Aimed to evaluate the safety and efficacy of PGBF, researchers enrolled 197 patients (mean age, 57 years; 59% women; 85% white) with NASH and stage 3 liver fibrosis in a randomized, double-blind, placebo-controlled study (FALCON 1). Patients were randomly assigned to receive subcutaneous doses of either PGBF 10 mg (n = 49), PGBF 20 mg (n = 50), PGBF 40 mg (n = 49) or placebo (n = 49) once weekly for 48 weeks; Loomba and colleagues performed liver biopsies within 6 months of screening and at week 24. The primary endpoint was fibrosis stage improvement without NASH worsening or NASH improvement without fibrosis worsening. Secondary endpoints included additional histological and noninvasive measures of steatosis, fibrosis and liver injury.

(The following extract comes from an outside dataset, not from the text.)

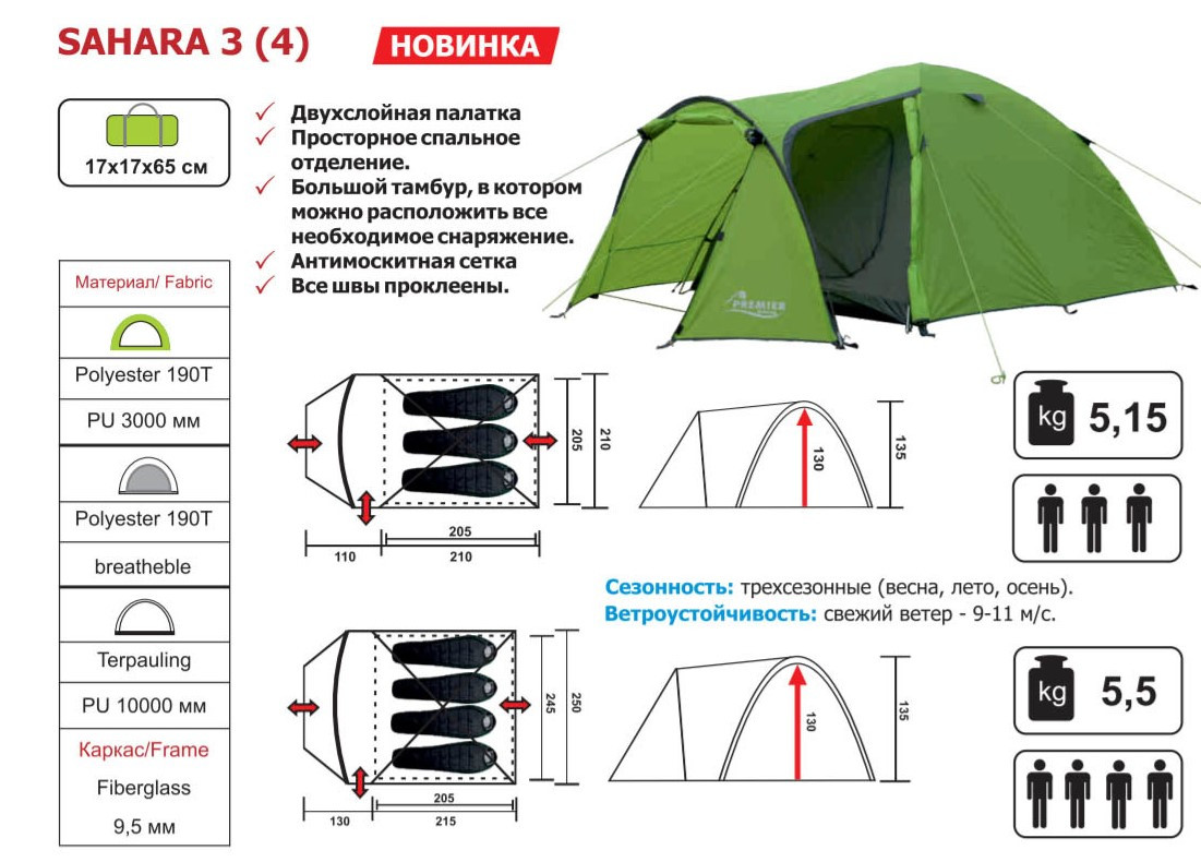 Палатка SAHARA-3 PREMIER - трехместная палатка универсальной серии, которая идеально подойдет для походов и путешествий.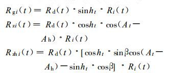 式 (9) 中, Rgi (t), Rzi (t), Rzhi (t) 分别为t时刻第i个小平面在地面、后墙面和后屋面上的透过直接辐射量。Rd (t) 为t时刻法线方向上的直接辐射量, Ri (t) 为t时刻第i个小平面的直接辐射透过率, 它是透明覆盖材料本身的透过率、骨架阴影、污染程度、边框胶条面积率等因素的函数, At为t时刻太阳方位角, β为后屋面与水平面的夹角, ht为t时刻太阳高度角, Ah为温室的方位角, 取值为0。

Researchers observed 14.3% of patients in the placebo arm, 30.6% of patients in the PGBF 10 mg arm, 24% of patients in the PGBF 20 mg arm and 26.5% of patients in the PGBF 40 mg arm achieve the primary endpoint at week 24, though statistical significance was not reached (P = .134). While Loomba noted a lack of response across PGBF arms, patient dosed with PGBF experienced larger decreases in liver steatosis and liver stiffness compared with placebo. At week 48, a hepatic fat fraction reduction of greater than or equal to 30% occurred in 8.8%, 21.1%, 20% and 23.1% of patients, respectively, and a liver stiffness reduction of greater than or equal to 15% occurred in 30.3%, 41.2%, 28.6% and 41.2%.
Further evaluation of secondary endpoints yielded decreases in mean PRO-C3, alanine transaminase and aspartate transaminase concentrations as well as increased mean adiponectin concentration compared with placebo. Researchers noted no treatment-related serious adverse events overall.
“Among patients with NASH and stage 3 liver fibrosis, PGBF treatment was safe, generally well tolerated, led to numerically high rates of fibrosis improvement without NASH worsening or NASH improvement without fibrosis worsening,” Loomba concluded. “There were improvements in some histologic as well as some noninvasive markers of steatosis, inflammation and fibrosis demonstrating pharmacologic activity of PGBF in this group of patients but these results were not statistically significant.”